Your linked list should handle invalid usage by throwing a runtime_error. There is an example in the ASList implementation from class. For example, if you may want to handle an attempt to get an invalid item:

// At the top of the file
#include <stdexcept>

// In an implementation
string LinkedStringList::getItem(int index) {
  if (/* check for out of bounds here */) {
    throw runtime_error("Attempt to get out of bounds item");
  }
}
When testing, you can check for an error with:
//          some erroneous call   the type of error it throws
CHECK_THROW(mylist->getItem(), runtime_error);
Don't forget to include the stdexcept library when testing or throwing exceptions.

Handling Upper Case Letters

All of the words in your dictionary will be lower case. It will be nice to be able to spell-check, say, the first word in a sentence without losing the case. One way to do this is to store the word from the document as is, but search for a lower-case version of the word in the dictionary. To do this, you'll need a function that converts a string to lower case. Here is one such implementation:

string lower(string word) {
  string toReturn = "";
  for(int i = 0; i < word.length(); i++){
    toReturn += tolower(word[i]);
  }
  return toReturn;
}

Handling Punctuation

I recommend handling punctuation in the same way. Store each "word" without removing punctuation, but strip this away when checking for the word in the dictionary.
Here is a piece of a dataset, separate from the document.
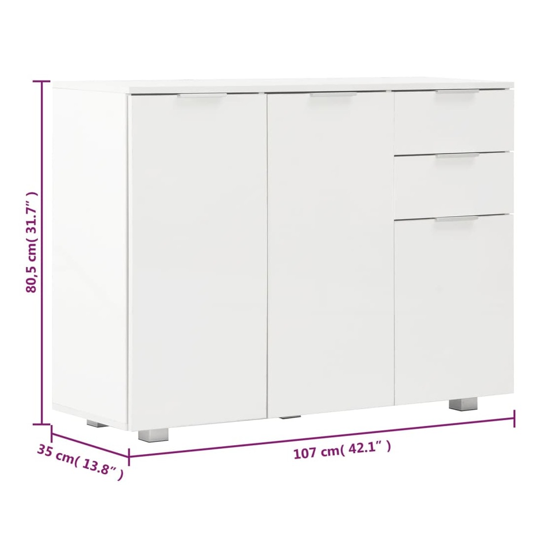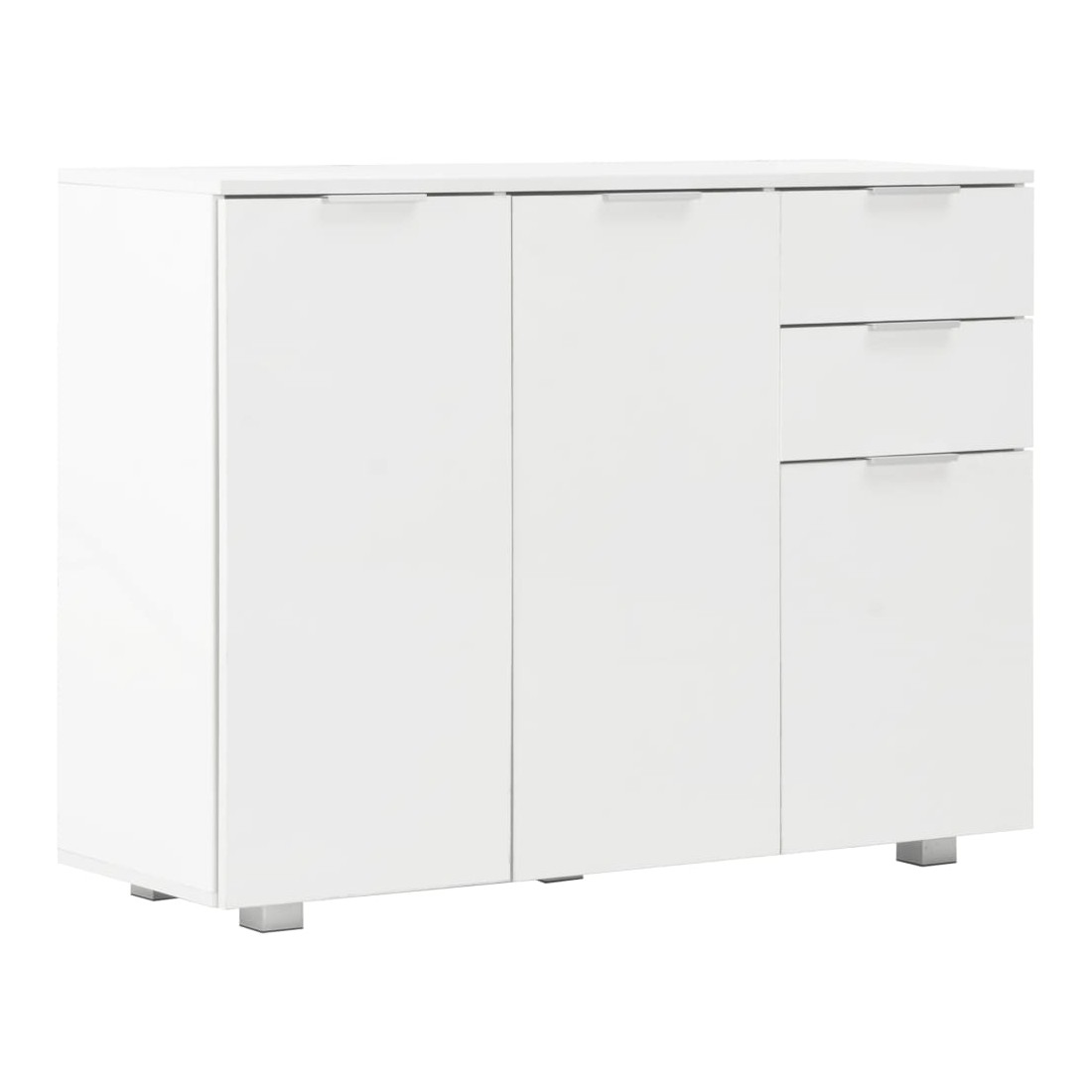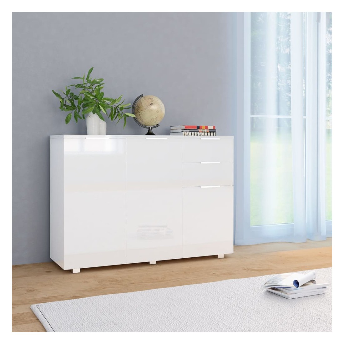 Gardez tout bien rangé dans votre salon avec notre élégant buffet ! Ce buffet pratique répondra à vos diverses exigences et sera un complément idéal dans votre chambre. Fabriqué en bois d'ingénierie avec une finition blanche brillante, le meuble à tiroirs dégage une apparence raffinée et est extrêmement stable et durable. De plus, équipé de 2 tiroirs et de 3 portes, le buffet offre un grand espace de rangement pour vos divers objets, rendant votre pièce propre et bien rangée. Ce meuble de rangement très brillant est facile à nettoyer. Améliorez votre décoration intérieure avec notre élégant buffet !

For example, the following code removes possible periods from the end of a word.

string stripPunctuation(string word) {
  string toReturn = word;

  if(toReturn[len-1] == '.')) {
    toReturn.erase(len-1); // erase is a string method
  }

  return toReturn;
}

Sample Run
The following illustrates how your main program might operate:
$ cat q.txt 
The quick broown fox jumps over the lazy dog.
$ ./spellCheck 
Enter dictionary name, or "sowpods" for scrabble dictionary: sowpods

Loading /usr/local/doc/sowpods.txt...
Dictionary Loading Complete
Dictionary contains 267752 words.

(0) Exit
(1) Add word
(2) Remove word
(3) Check word
(4) Spellcheck document

Enter Choice: 1

What word do you want to add? oogabooga

(0) Exit
(1) Add word
(2) Remove word
(3) Check word
(4) Spellcheck document

Enter Choice: 3

Enter the word you want to check: oogabooga
oogabooga is in the dictionary.

(0) Exit
(1) Add word
(2) Remove word
(3) Check word
(4) Spellcheck document

Enter Choice: 2

What word do you want to remove? oogabooga

(0) Exit
(1) Add word
(2) Remove word
(3) Check word
(4) Spellcheck document

Enter Choice: 3

Enter the word you want to check: oogabooga
oogabooga is NOT in the dictionary.

(0) Exit
(1) Add word
(2) Remove word
(3) Check word
(4) Spellcheck document

Enter Choice: 1

What word do you want to add? bear
Warning: bear is already in the dictionary!

(0) Exit
(1) Add word
(2) Remove word
(3) Check word
(4) Spellcheck document

Enter Choice: 4

Enter name of file to spell check: input/q.txt
[broown] is not in the dictionary.
What do you want to do?
  (1) add broown to dictionary.
  (2) ignore word
  (3) correct spelling
3
Enter correction now
brown

(0) Exit
(1) Add word
(2) Remove word
(3) Check word
(4) Spellcheck document

Enter Choice: 4

Enter name of file to spell check: input/gettysburg.txt
[battle-field] is not in the dictionary.
What do you want to do?
  (1) add battle-field to dictionary.
  (2) ignore word
  (3) correct spelling
1
[--] is not in the dictionary.
What do you want to do?
  (1) add -- to dictionary.
  (2) ignore word
  (3) correct spelling
2
[--] is not in the dictionary.
What do you want to do?
  (1) add -- to dictionary.
  (2) ignore word
  (3) correct spelling
2
[--] is not in the dictionary.
What do you want to do?
  (1) add -- to dictionary.
  (2) ignore word
  (3) correct spelling
1

(0) Exit
(1) Add word
(2) Remove word
(3) Check word
(4) Spellcheck document

Enter Choice: 0

Goodbye!
$ more input/q.txt
The quick brown fox jumps over the lazy dog. 
Note that the input file q.txt now has no spelling mistakes.
Submit

Once you are satisfied with your program, hand it in by typing handin35 at the unix prompt.

Run git push to hand in your submission (and to save your code intermittently).